The good news is that a growing number of the people who provide us with the food & energy we need to survive are finally standing up for civilization. Farmers are protesting. Energy consumers are rioting. And energy providers are push back against the Woke nihilists.
After Rep. Rashida Tlaib (D-MI) Wednesday demanded that America’s top banking executives promise to immediately halt all funding of fossil fuel production, JPMorgan Chase CEO Jamie Dimon, said, “Absolutely not. That would be the road to hell for America.” 
On, September 20, Amin H. Nasser, the CEO of Saudi Arabia’s state-owned oil company, Aramco, said, “When historians reflect on this crisis, they will see that the warning signs in global energy policies were flashing red for almost a decade.” 
Said Nasser, “oil and gas investments crashed by more than 50% between 2014 and last year, from $700 billion to a little over $300 billion… when you shame oil and gas investors, oppose LNG receiving terminals, and reject nuclear power, your transition plan had better be right.” 

Nasser is, obviously biased, but he is also right. As I noted last year, six months before Russia invaded Ukraine, it was under-investment in oil and gas production, due to the ESG movement and climate activism, that had resulted in their scarcity.
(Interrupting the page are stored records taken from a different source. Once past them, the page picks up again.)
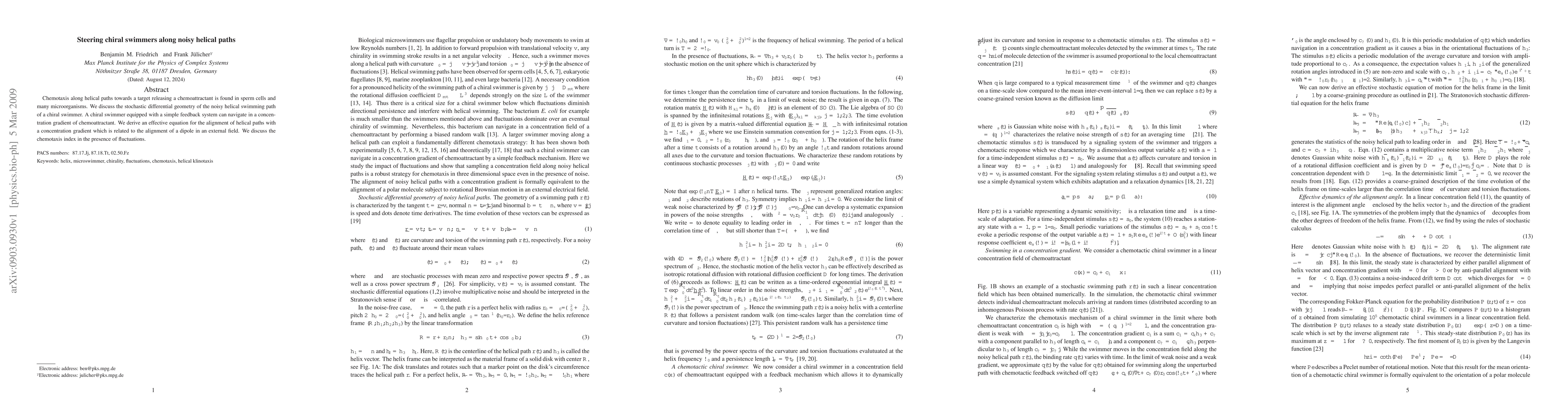 Chemotaxis along helical paths towards a target releasing a chemoattractant is found in sperm cells and many microorganisms. We discuss the stochastic differential geometry of the noisy helical swimming path of a chiral swimmer. A chiral swimmer equipped with a simple feedback system can navigate in a concentration gradient of chemoattractant. We derive an effective equation for the alignment of helical paths with a concentration gradient which is related to the alignment of a dipole in an external field. We discuss the chemotaxis index in the presence of fluctuations.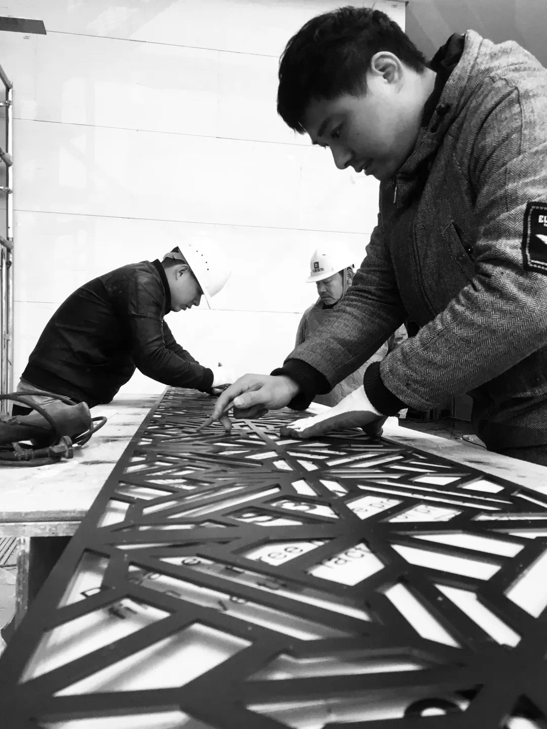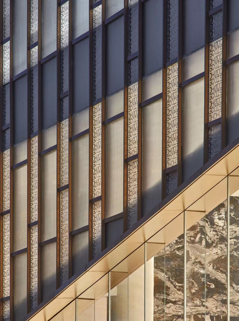 而在玻璃纹理的细部构造中,我们将案名字母的图案进行再创造,通过多轮比选与反复调试,最终实现雕塑感与艺术感兼具的整体效果。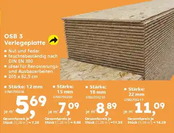 Diese Woche ist OSB 3 Verlegeplatte bei Globus Baumarkt reduziert erhältlich. Hier finden Sie alle Informationen zu Preisen, Aktionsdetails und Laufzeit. Prüfen Sie weitere OSB 3 Verlegeplatte Aktionen, um sicherzugehen, dass Sie den besten Preis erhalten. Die OSB 3 Verlegeplatte Aktion gilt in Kalenderwoche 07. Nach Ablauf zeigen wir Ihnen vergleichbare Alternativen. Abonnieren Sie die Kategorie, um beim nächsten Mal direkt informiert zu sein, wenn OSB 3 Verlegeplatte wieder reduziert ist.Häufig gestellte Fragen über OSB 3 Verlegeplatte
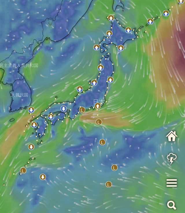「Windy」は海外の?アプリようなので見方に慣れる必要があるかもです。無料で全ての機能が使用で出来ますがアプリに寄付する事も出来ます。これは完全に自由となっています。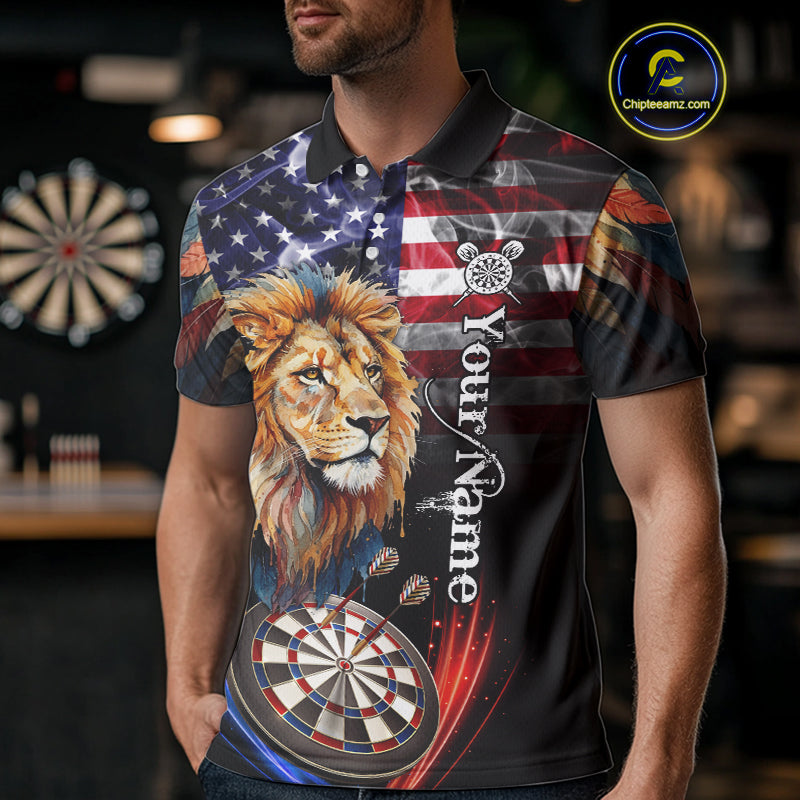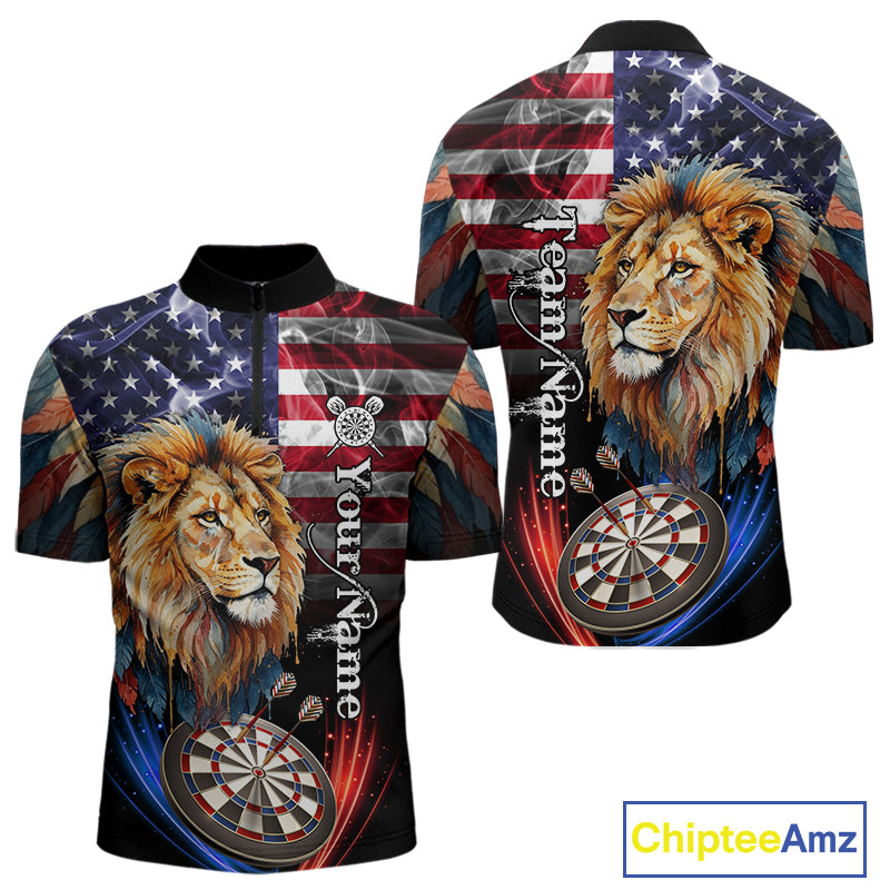 American Flag Smoke Lion Darts Shirt For Men Custom Patriotic Darts Jersey Team Polo, 1/4 Zip TDM5258

Change is coming, and not just to Haiti and other poor and developing nations. Neoliberal and Malthusian dogma already resulted in the fall of one government, Sri Lanka, in August. The riots in Haiti suggest that it could soon result in the fall of others, very soon. 
As Nasser noted, the fantasies of a world powered by renewables are “just a chain of sandcastles that waves of reality have washed away. And billions around the world now face the energy access and cost of living consequences that are likely to be severe and prolonged.” 
Eventually, that change will arrive at WEF, the UN/IMF, and World Bank, or they will become irrelevant. After all, the leaders of poor and developing nations around the world read the news. They will soon learn from what’s happened in Sri Lanka and Haiti. 
They will be reminded that fossil fuels and synthetic fertilizers are, for now, and in the foreseeable future, vital to cheap energy and food and that Western, neoliberal, and Malthusian institutions cannot be trusted. 

Before long, we will go from the dark and delusional mantra of WEF’s “Great Reset,” “End fossil fuel subsidies and reset the economy,” to a more pro-human and hard-headed one: “Make energy abundant and cheap and reset the elites.”